Welcome to this edition of our roundup of state tax developments. The State Tax News and Views is published weekly. Consider the Eide Bailly State & Local Tax team for your state tax planning, compliance and incentive needs.

State tax policy continues to evolve rapidly as legislatures wrap sessions, courts address emerging issues, and policymakers experiment with new revenue strategies. Several recent changes highlight where policymakers and tax authorities are focusing their attention — particularly around tax reform, audit enforcement, and shifting tax bases.

Ballot-Driven Tax Policy

Even as most state legislative sessions have adjourned, tax policy activity remains active — and in many cases unresolved — with several issues set to continue into future sessions. States continue to experiment with structural tax reform, often pushing major decisions directly to voters.

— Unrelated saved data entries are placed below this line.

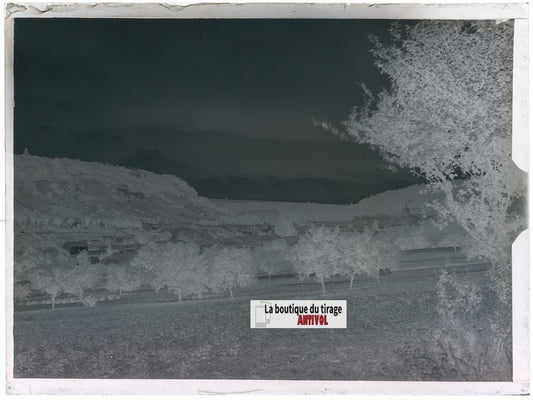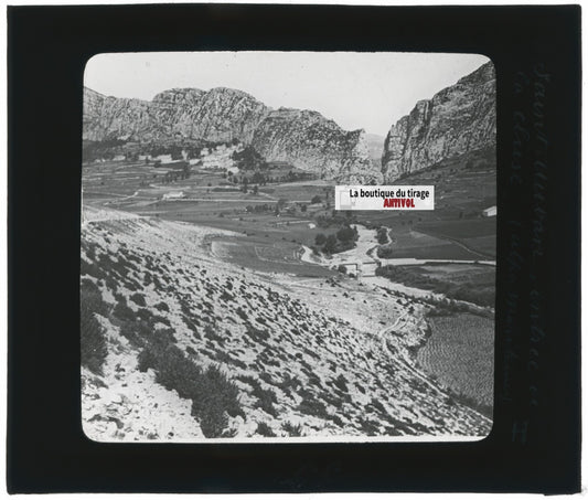 Saint-Auban, paysage, falaise, photo ancienne plaque de verre, positif 8,5x10 cm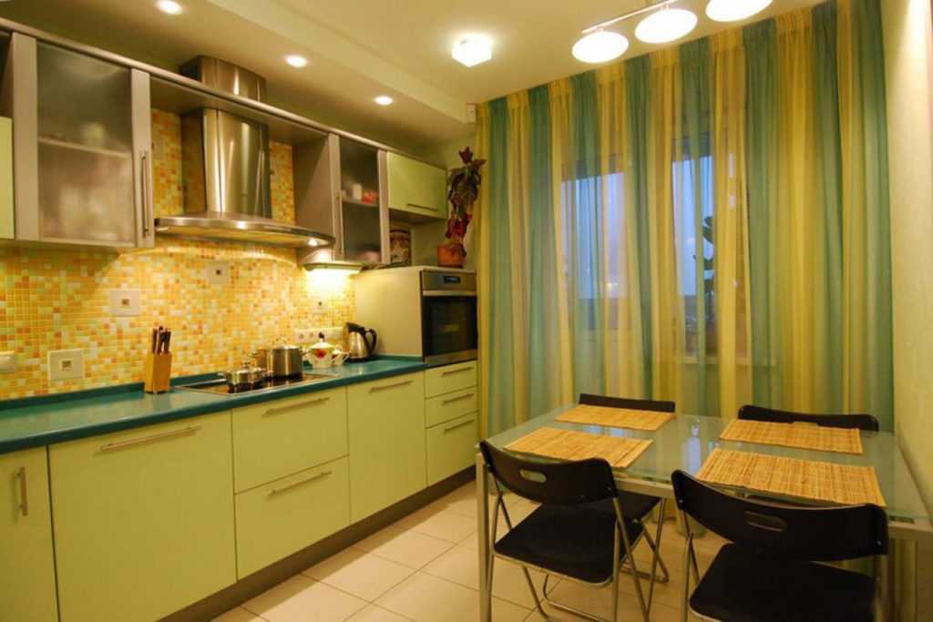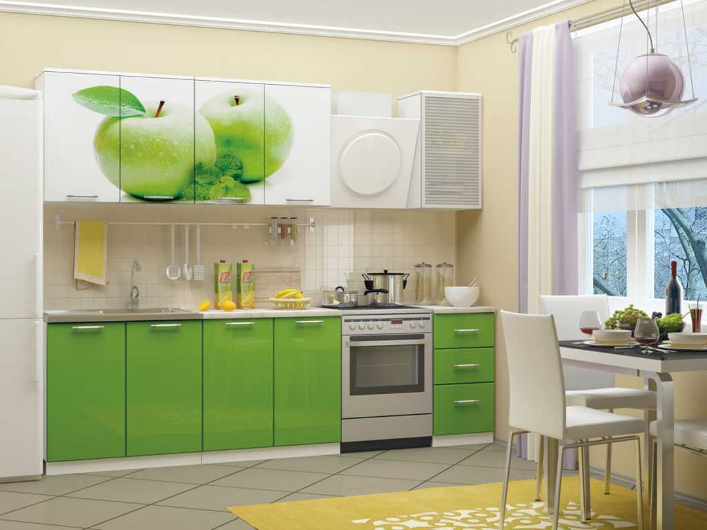 Любителям уютных, но в то же время стильных кухонь стоит выбирать для себя желто-зеленое сочетание оттенков. Они максимально натуральные, свежие, поэтому помещение всегда будет приятным и светлым. Кстати именно при таком цветовом решении многие предпочитают дополнять интерьер фасадами с фотопечатью. Это спорный вариант оформления, поскольку он довольно быстро может наскучить. При этом изменить их невозможно без финансовых затрат. Рекомендуем все тщательно обдумать, прежде чем выбирать для себя подобный вариант.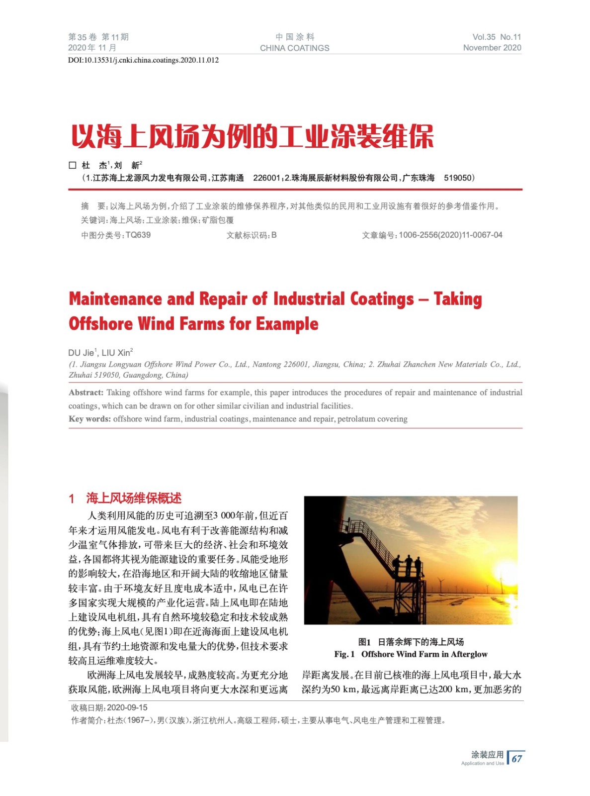 以海上風場為例,介紹了工業(yè)涂裝的維修保養(yǎng)程序,對其他類似的民用和工業(yè)用設(shè)施有著很好的參考借鑒作用。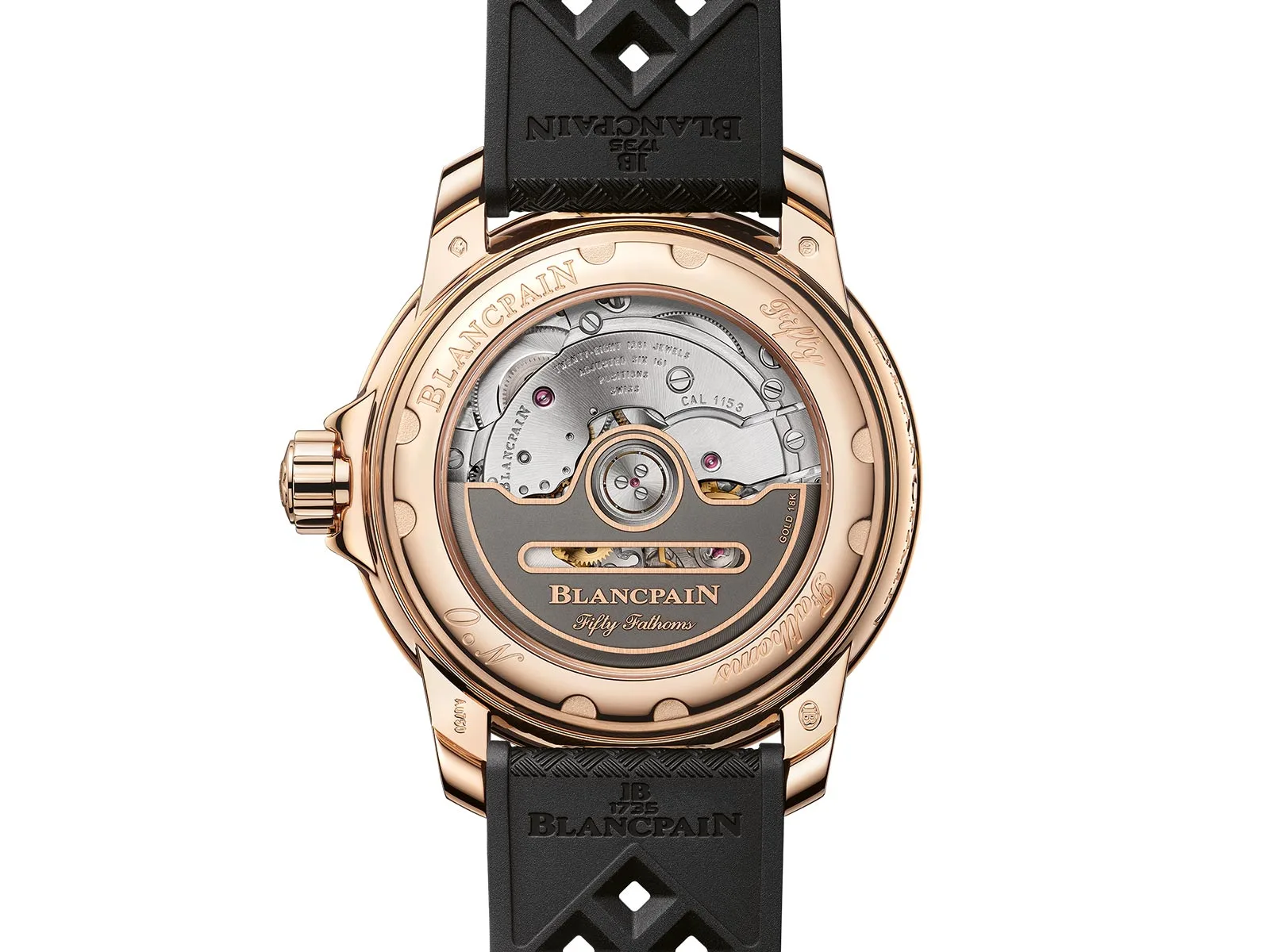 Inside beats Blancpain’s own manufacture Calibre 1153. Running at 3 Hz with a hefty 100h power reserve, it’s equipped with a silicon balance spring for better accuracy and magnetic resistance. A red gold rotor treated with Nickel Anthracite Coating peeks through the exhibition caseback.

In November, Florida voters will decide whether to amend the state constitution to raise the homestead exemption from $50,000 to $250,000 over two years and index future increases to inflation.

 FLORIDA 

DeSantis Plan to Cut Florida Property Taxes Heads to Ballot - Michael J. Bologna and Anna Kaiser, Bloomberg Tax ($):
Florida lawmakers have approved a stripped-down version of a proposal from Gov. Ron DeSantis (R) to slash property taxes, removing local school districts from the plan. 

[...]

If approved, the tax cutting strategy will likely remove $13 billion from the coffers of local governments in its first two years–a revenue shift that, "would fundamentally reshape the relationship between counties and the state," said Jeff Brandes, a former Republican state senator who runs the Florida Policy Project, a non-profit research institute.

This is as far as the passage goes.